Editing items

DynoTable edits items as JSON in a real code editor — autocomplete, formatting, and inline validation — then routes every save through the staging area so nothing hits DynamoDB until you commit.

Open an item from the grid to edit it, or press ⌘N to create a new one. A new item is pre-populated with the table's key attributes; fill in the rest.

The item editor with the JSON buffer, mode toggle, and save controls.
The item editor with the JSON buffer, mode toggle, and save controls.

JSON modes

A toggle in the editor header switches how the item is represented. Plain and DynamoDB JSON are fully lossless — switching between them round-trips Strings, Numbers, Booleans, Null, Maps, Lists, and Sets without changing your edits.
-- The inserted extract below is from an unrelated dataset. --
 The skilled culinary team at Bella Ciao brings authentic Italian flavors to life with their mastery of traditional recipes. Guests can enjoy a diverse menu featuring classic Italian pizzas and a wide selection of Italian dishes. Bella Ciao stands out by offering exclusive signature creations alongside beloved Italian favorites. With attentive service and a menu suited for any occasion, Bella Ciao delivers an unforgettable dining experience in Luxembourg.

  • Plain — primitives stay plain ("count": 3, not {"N": "3"}). Sets use a compact one-key sentinel: {"SS": [...]} for string sets, {"NS": [...]} for number sets, {"BS": [...]} for binary sets. The easiest mode to read and edit by hand.
  • DynamoDB JSON — the canonical AWS wire form, where every value is type-wrapped. Use it when you're pasting DynamoDB-JSON from elsewhere.
  • Flow — a read-only graph of the parsed item (Maps, Lists, and Sets as nodes). Useful for understanding the shape of a deeply nested record. Edits still happen in the Plain / DynamoDB buffer underneath.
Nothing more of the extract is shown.